Мама послушно размыкает губы. Толя тут же нажимает на кнопку аппарата, и облако распыленного лекарства вместе с протяжным гудением проникает в ее рот.

Тучи наконец выдыхаются, и дождь слабеет. В доме стоит тишина и пахнет лечебными аромамаслами. Хвойных свечей осталось не так много, а жасминовых до кучи. Купить бы еще набор, думает Мурат, вытирает пот над верхней губой и идет проверять сестру. Лестница на чердак скрипит под ногами, влажные руки скользят по перилам. Силы давно покинули его, в теле еще есть какие-то крохи, но они едва теплятся.

«Терпи, терпи, терпи».

Мурат надеется увидеть Милану спящей, ведь время давно уже перевалило за полночь, но чердак, где он днюет и ночует, сейчас мрачен и пуст.

– Мила, ты где?

В ответ – гулкое тиканье дедушкиных часов на стене. Подушки сложены в стопку, с утра не тронуты, и одеяло без малейшего намека на вмятины. Сестра, видимо, вообще не ложилась. Он спешно поднимает край покрывала – под кроватью никого. Под рабочим столом, где Милана любит точить карандаши, тоже. Даже окно проверил, мало ли что, но ручка тугая, ребенок не откроет.

Мурат смотрит в угол.

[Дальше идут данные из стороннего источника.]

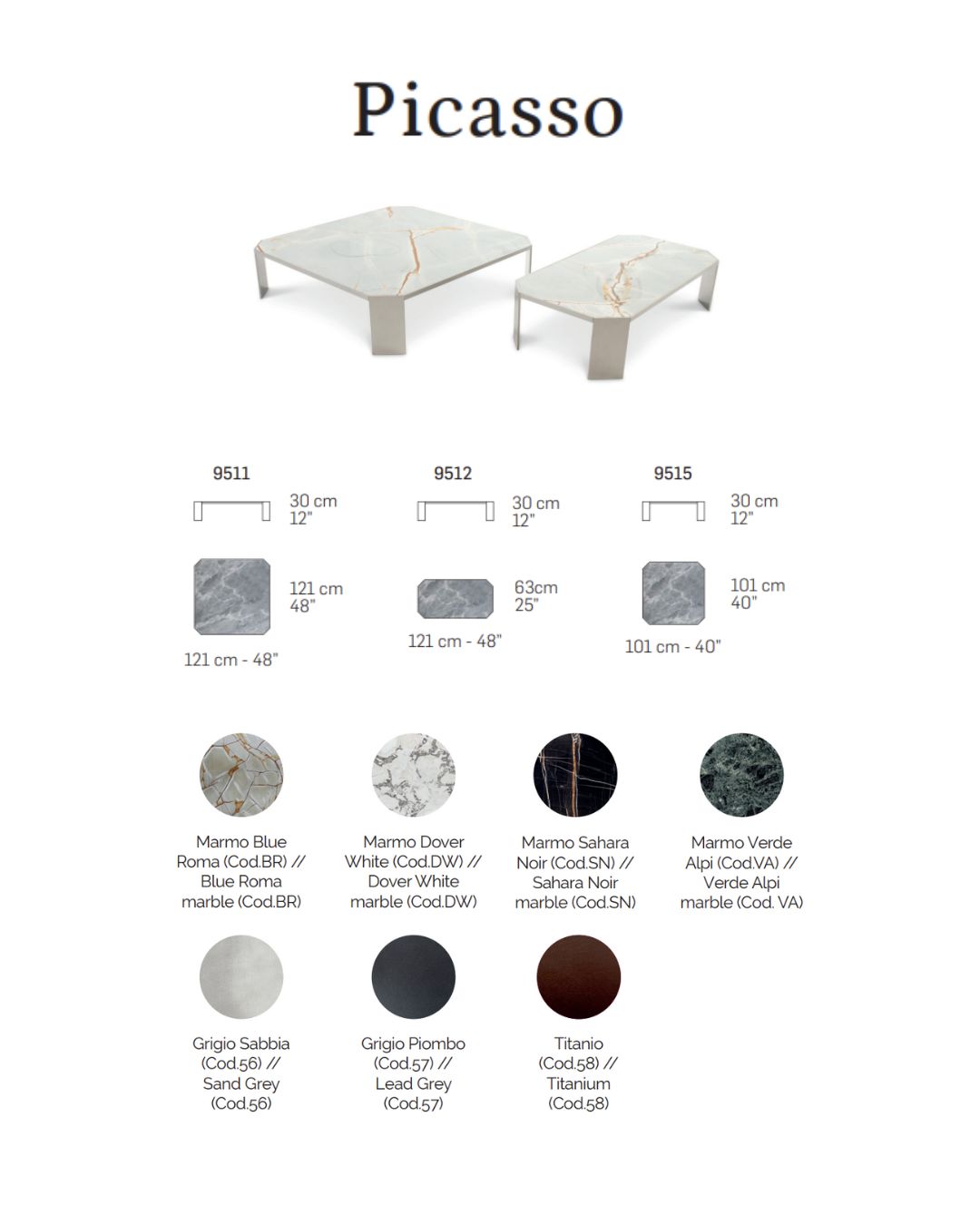 PICASSO kavos staliukas – kolekcija, išsiskirianti griežta ir aiškia stalviršio forma, suteikiančia baldui dinamiškumo bei išraiškingo charakterio. Skirtingų medžiagų deriniai kuria ryškius tekstūrų ir paviršių kontrastus, subtiliai pabrėždami išskirtinį PICASSO kavos staliuko dizainą.

Там, рядом со старым мольбертом, стоит продолговатый шкафчик. Внутри хранятся подрамники с холстами, различные тканевые обрезки и старое масло.

– Мила? – Он садится на корточки и чуть приоткрывает дверцу. Щель черная, не видно ни зги. – Ты здесь?

Слышится шуршание. Тихонько, чтобы не спугнуть, Мурат полностью отворяет створку. Милана прячется в куче забытого барахла, уткнувшись лицом в острые коленки.

– Ты зачем сюда залезла?

Она не поворачивается на его голос, только сильнее обнимает ноги руками.

– Ну, ты чего? Грозы испугалась?

Милана громко шмыгает носом. Плачет.

– Не нужно бояться, дождь прошел. – Он аккуратно гладит ее растрепанные волосы. – Я дома. Все уже кончилось.

Плечи сестры дрожат, а пальцы на ногах поджимаются. Мурат приобнимает ее, чтобы вытащить, но Милана начинает пихаться локтями и скулить.

– Хочу к маме. – Ее голос тоненький и мокрый от слез.

– Мама заболела, – сипит Мурат, стараясь обуздать рвущийся наружу вопль. – Сегодня со мной поспишь. Хватит вредничать, вылезай.

В ответ снова удары локтями, пинки пятками и горькая истерика. Шкаф весь ходуном ходит, хлам валится наружу. Руки у Мурата от раздражения начинают хватать сильнее, дергать резче. Милана будто вросла в стенки, не поддается ни в какую, еще и кусается в придачу.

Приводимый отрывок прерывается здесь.